In this blog, I will cover important aspects which you need to test when benchmarking replication setup. MySQL has great tools that could be used to test its performance. They include:
sysbench – https://github.com/akopytov/sysbench
BMK-kit – http://dimitrik.free.fr/blog/posts/mysql-perf-bmk-kit.html
mysqlslap – https://dev.mysql.com/doc/refman/8.0/en/mysqlslap.html
LinkBench – https://github.com/facebookarchive/linkbench
I will not describe how to use them here, as you can find instructions on the provided links or in the Percona blog by browsing tags sysbench, benchmark, benchmarks, and the category benchmarks.
However, most of the instructions take into account standalone MySQL servers. If you want to test how your replication setup performs, you may want to perform additional checks.
Can the replica catch up to the source server?
To answer this question, you need to run a load on the source machine and monitor the replica delay. You can do it by examining the
SHOW REPLICA STATUS
(
SHOW SLAVE STATUS
) output, particularly the value of the
Seconds_Behind_Source
(
Seconds_Behind_Master
) parameter. The same parameter is monitored by the “MySQL Replication Lag” graph under the “MySQL Replication Summary” dashboard in Percona Monitoring and Management (PMM).
The more advanced check would be to compare
Exec_Source_Log_Pos
(
Exec_Master_Log_Pos
),
Relay_Log_File
with
Read_Source_Log_Pos
(
Read_Master_Log_Pos
),
Source_Log_File
pairs since
Seconds_Behind_Source
may be affected by long-running commands and return wrong values.
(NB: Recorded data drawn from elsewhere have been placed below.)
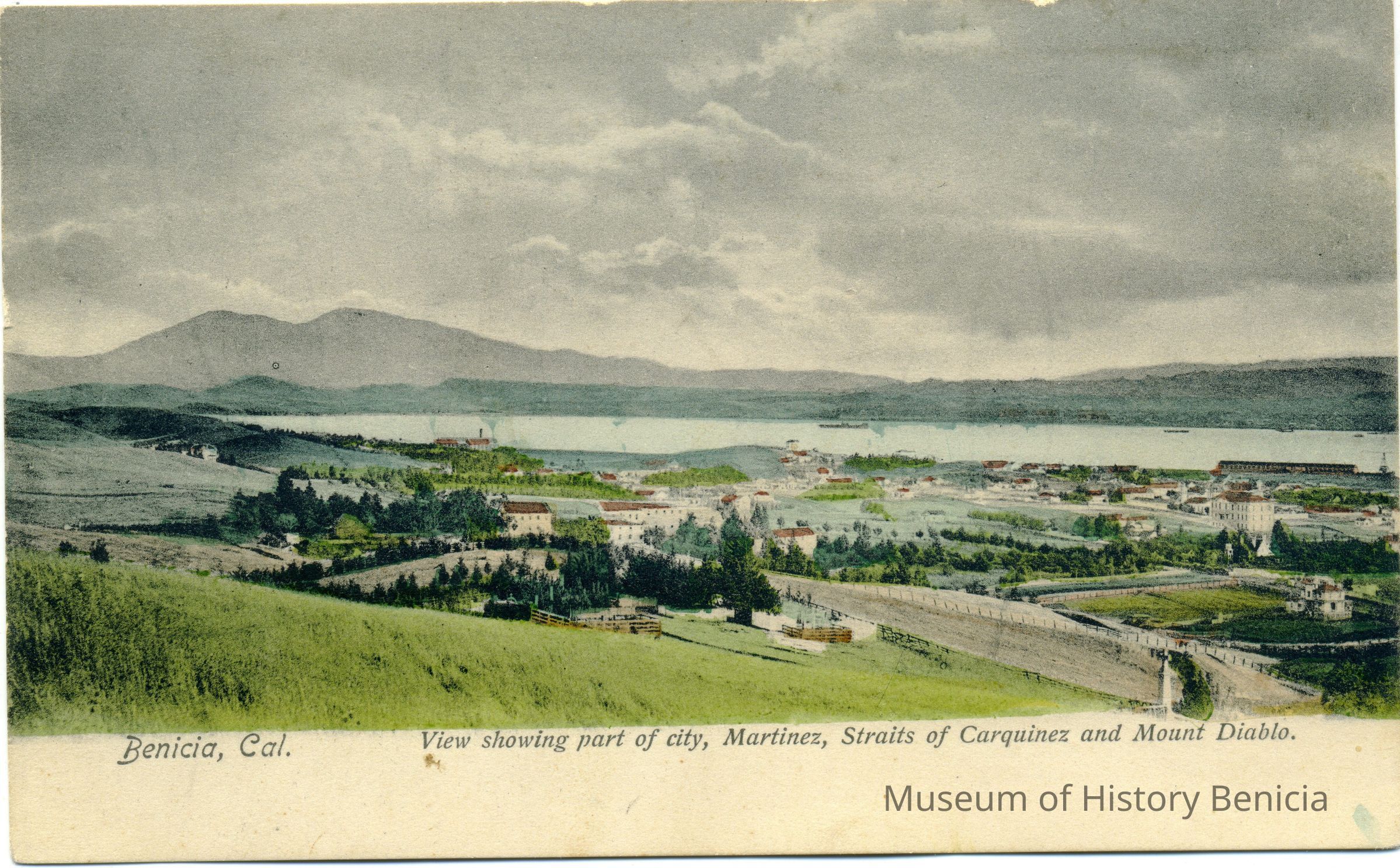 This is a real photo undivided back postcard of a view of Benicia and the Carquinez Straits. It is colorized and saya "View showing part of city, Martinez, Straits of Carquinez and Mount Diablo". The back is blank.Collection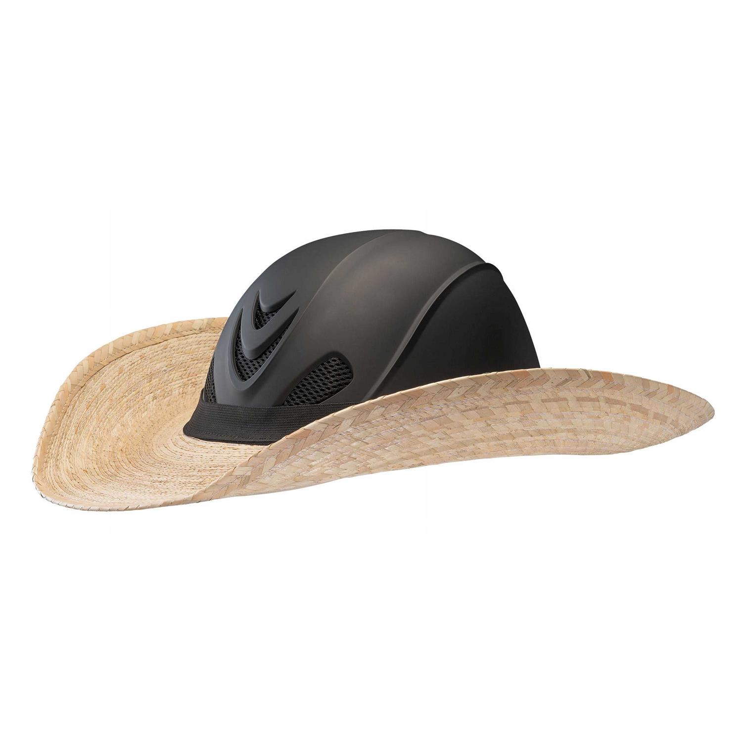 Instantly add full shade and sun protection to most Troxel helmet models with the New Helmet Brimmer. Featuring a full 4 wide genuine palm leaf brim with a patent pending helmet attachment system that allows you to securely attach and remove the Helmet Brimmer. Refer to Helmet Brimmer Size Chart to select size A or B for the helmet style and size that you have. Helmet not included- featured on the Liberty Black and Liberty Tan Duratec.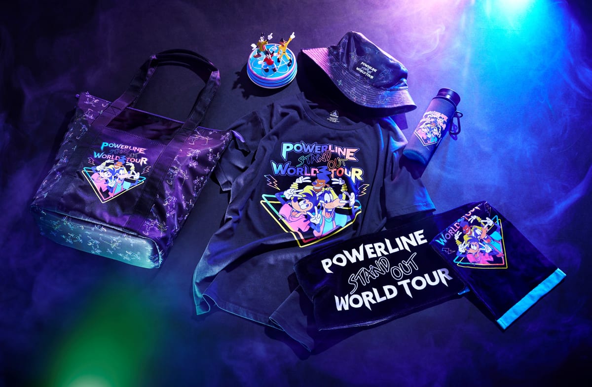 グッズのアートには「グーフィー」と「マックス」、そして「マックス」が憧れるロックスターの「パワーライン」がライブでダンスをしているシーンなどをセレクト。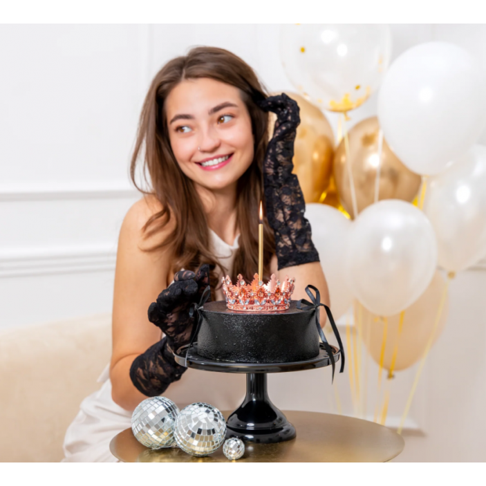 Ustaw koronkę na wierzchu tortu, najlepiej na stabilnej powierzchni. Jeżeli tort ma miękką masę lub krem, warto lekko wcisnąć podstawę korony, by uzyskać stabilność. Rose gold świetnie komponuje się z bielą, pudrowym różem, złotem lub motywem „księżniczka”.

You may tune your replica server by adding parallelization if you see increasing lag. Check also how option
binlog_transaction_dependency_tracking
Can the replica run queries while applying updates from the source server?
Once you are happy with the replication lag, you may start adding the load you plan to run on this replica and test its performance. For example, if you plan to use the replica for handling read-only queries, you can run a read-only benchmark on it. You need to watch the performance of the read-only benchmark and replication lag.
If you plan to run analytical queries on the replica: test them. If you plan to use this replica for taking backups: take the backup and measure how it will affect the performance of the replication.
Synchronous replication
Synchronous replication solutions such as Galera, Percona XtraDB Cluster (PXC), and Group Replication are affected by the flow control paused time. You can use PMM to monitor it.
For PXC/Galera clusters, watch graph “Flow Control Paused Time” under “PXC/Galera Cluster Summary” dashboard.
Or you can watch the value of the
wsrep_flow_control_paused
variable. See Galera Flow Control in Percona XtraDB Cluster for MySQL for more details.
For Group Replication, you need to check the value of the
COUNT_TRANSACTIONS_REMOTE_IN_APPLIER_QUEUE
column in the table
performance_schema.replication_group_member_stats
. That shows how many transactions are waiting in the queue on the secondary node to apply.
You may also watch “Replication Lag” graph under “MySQL Group Replication” dashboard in PMM
Your best test is your production
As said by Dimitri Kravtchuk at Fosdem 2020:
While it is hard to create such a benchmark on the server that accepts writes from users, for the replica, it is comparatively easy. All you need to do is to create a replica of your production server and not make it available for the application yet. First, watch if it can handle replication lag while idle, then start adding load to it. You may also use the mirroring feature of ProxySQL Note; however, you need to check if some of the limitations described in this post, still apply.
How fast will the replica catch up?
One more thing you may want to test is how fast the replica will recover after a delay in replicating updates from the source server. To perform this test, stop the replica while running the source server’s load, restart it after a certain amount of time, and watch replication lag. If you are testing a replica that serves read-only load, let the load test continue.
It is better to perform stop, wait, and start in one series of commands, so you will have control over how long the replica was stopped. For example, to stop replica for one hour, use the following commands:
STOP REPLICA; SELECT SLEEP(3600); START REPLICA;
Then wait until the replica is running:
SELECT SERVICE_STATE FROM performance_schema.replication_applier_status;
Once this query returns ON, start monitoring the value of
Seconds_Behind_Source
in the
SHOW REPLICA STATUS
output until it becomes 0. Once it happens, record the time. This way, you will know how much time will be needed to apply one hour of changes.
Conclusion
You can use the same benchmarking tools that are recommended for standalone MySQL servers to perform performance tests against replication setups. You only need to monitor replication lag together with other performance characteristics.